Yang Song, Yixuan Zhang, Lingfa Meng, Tongyuan Hu, Haizhou Shi, Hao Wang, Samir Bhatt, Hengguan Huang

ICML 2026 regular

Abstract (source: OpenReview · © authors)

Parameter-efficient adaptation has made LLMs practical for domain prediction, but standard LoRA still relies on a static low-rank update and does not expose the latent interactions that often drive scientific labels. We introduce iLoRA. To our knowledge, it is the first Bayesian graph-conditioned LoRA framework. It infers a latent interaction graph from the input and uses it to generate input-conditioned LoRA updates. As a result, iLoRA learns prediction and latent interaction structure jointly, rather than training a predictor and applying interaction analysis only post hoc.
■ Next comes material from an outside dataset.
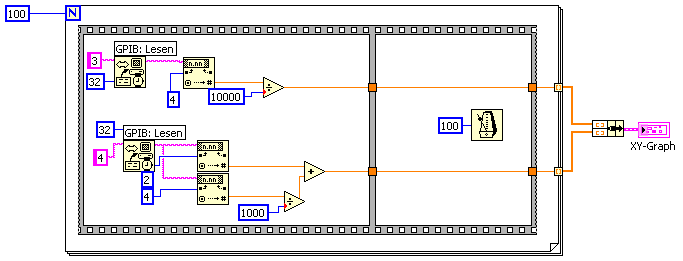 Das Wait wäre meines Erachtens in der Zählschleife besser aufgehoben. Schließlich muss man ja über eine ganze Periode des Funktionsgenerators messen, sprich 10 Sekunden (100 E-3 Hz). Für 100 Messwerte wäre ein Wait von 100 ms abzüglich der Dauer des Auslesen der Spannungsmesser angebracht. Noch besser ist natürlich eine Timed loop (zeitgesteuerte Schleife), da ich die Rampe aquidistant abtasten würde. In der Timed loop kann (muss) das Wait entfallen.
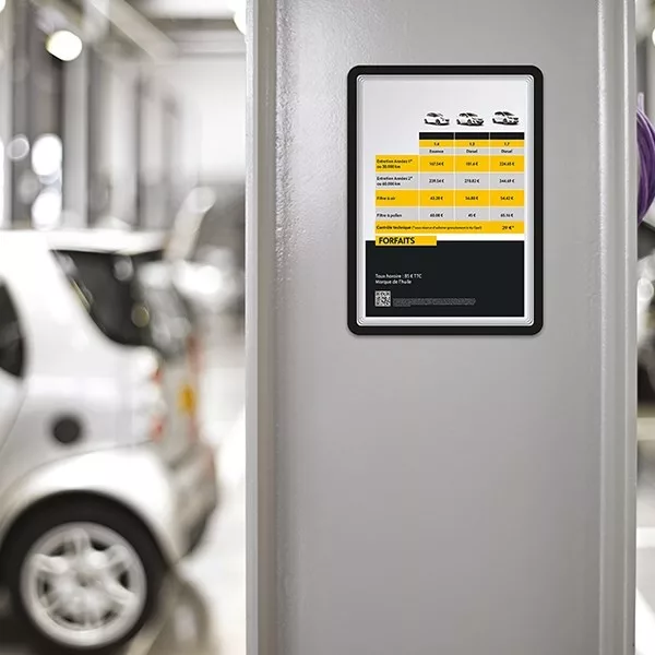 Formatervezett, mágneses hátú, tasak lekerekített sarkakkal. Egy teli mágneses hátlapból és egy előlapból álló, három oldalról nyitott tasak, melyben a dokumentum rögzítése 3 oldalon mágneses szegéllyel történik. Egyszerű és gyors kihelyezést és áthelyezést tesz lehetővé. Üzletekben, hotelekben, éttermekben, ipari üzemekben és iskolákban történő használatra egyaránt alkalmas.

We instantiate this idea for microbiome diagnosis, where disease state can depend on both species-level abundance and microbe–microbe cross-talk, and evaluate it in two complementary settings: interactive QA with human-annotated graphs, which tests latent structure recovery, and multi-cohort IBD diagnosis, which tests biomedical utility. Across both settings, iLoRA improves over strong LoRA and Bayesian adaptation baselines, recovers graphs aligned with human annotations and cohort-level microbiome associations, and provides calibrated uncertainty with moderate graph-branch overhead.

Keywords

Bayesian Low-Rank Adaptation; Graph-Conditioned LoRA; Parameter-Efficient Fine-Tuning; Latent Interaction Graphs; Microbiome Diagnosis; Uncertainty Quantification

Metadata from BioTender-max/icml2026-ai-bio (CC0-1.0). Phở does not host any PDF; links point back to the source.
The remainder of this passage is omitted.